He looks grimly satisfied at having interrupted their merrymaking. "Nobody's happy about Hans being carted off, either," he continues. "A dockhand told people how he was treated and now people are questioning your judgement. They don't know he tried to usurp the throne. They just remember him as the man who handed out warm coats, during the winter that _you_ set off."

Elsa flinches at the slight emphasis. The room gets even colder somehow, more ice sprouting from the floor in jagged spikes.

At this point in his report, Kristoff's initial urgency has begun to dissipate, and he reflects on the near-rudeness of his tone. He glances briefly at Anna, giving her a hint of a smile to indicate that he isn't angry, just worked up.

It's encouragement enough for her to release the tension in her lean limbs, and look over at Elsa. "Elsa?" Anna prompts meekly, troubled by her own involvement in bringing about the currently unfolding repercussions. "What now?"

Her sister is wearing an ordinary dress, she realizes very belatedly, in place of the one she made out of ice. She looks for all the world as if nothing dramatic has occurred since her coronation, as if she simply stepped out of her room one morning and magically reconciled with Anna.
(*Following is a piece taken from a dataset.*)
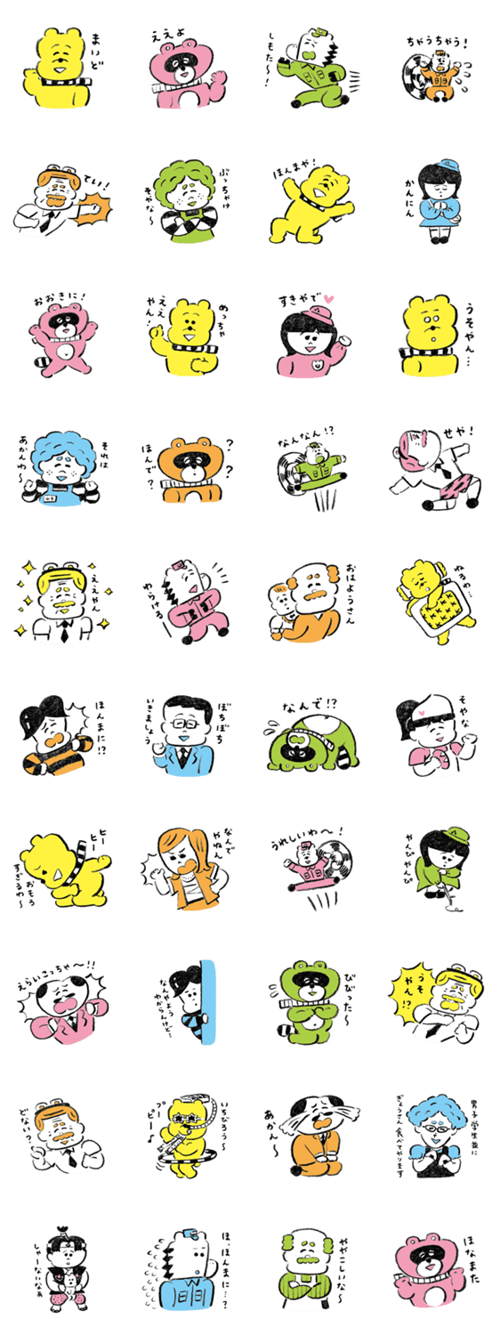 『かんさい絵ことば辞典』のスタンプ登場!くまのうちくんや、ちょけ部長などのキャラクターがトークを楽しませてくれます。全てに「かんさい弁」のセリフ付き。

Perhaps that was Elsa's vain hope, that years of estrangement could somehow be dissolved by reminding Anna of the good times they shared as kids. But both of them have grown up by now. Especially with the strain in their relationship, they should have known it would be impossible to go in a moment from building snowmen to maintaining a kingdom together. For both sisters, the memory of long-ago fun finally, finally begins to fade into the ether of the past. They have been holding on to a childlike bond, the relevance of which has been outlived. Its place, in the absence of any other interaction since, is filled now only with a cordial tolerance, as that of strangers bound together to a shared duty. It hangs in the air between them, primed to snap at the slightest provocation.
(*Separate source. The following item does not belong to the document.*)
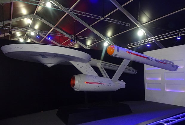 A replica of the original Enterprise is suspended from the roof. Photo by the author.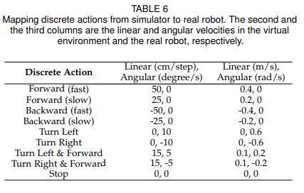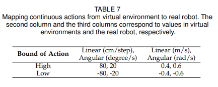 我们也对连续动作空间下的表现能力感兴趣,因此我们尝试了一种二维的动作空间,由线速度和角速度组成。具体的虚拟和现实的设置如下表:

"I don't know," Elsa finally says, in a strangely detached manner that is simultaneously hollow-sounding, despairing. Up to this point a small tic in the corner of her eye has been the only indication that she has heard Kristoff's devastating revelations at all. "I don't know about any of this." Her mind races back to her visit to her parents' graves hours earlier, to her rumination on losing them at a young age. The King and Queen never came near fully preparing their elder daughter to take the throne.

Sensing a stalemate, Kristoff steps in. "It's not too late," he assures them both. "We can still change people's minds." He looks at Anna as if pleading her to go along with it, if only to calm her sister down.

"Yeah," Anna chimes in with an alacrity that is only slightly forced. "We could let them know all that's happened, for one thing. It would clear up the confusion."

A low moan, almost a growl of frustration, starts up in Elsa's throat. "It's more complicated than that, Anna," she sighs, secretly thinking her sister's suggestion puerile and unschooled. She clasps her arms over her chest, turning away from the others.

Of course, picking up on the undertone of derision, Anna's hotheaded streak flares up. "The truth isn't complicated," she shoots back in defense of her idea. "In fact — revealing the _truth_ long ago would have stopped any of this from happening!"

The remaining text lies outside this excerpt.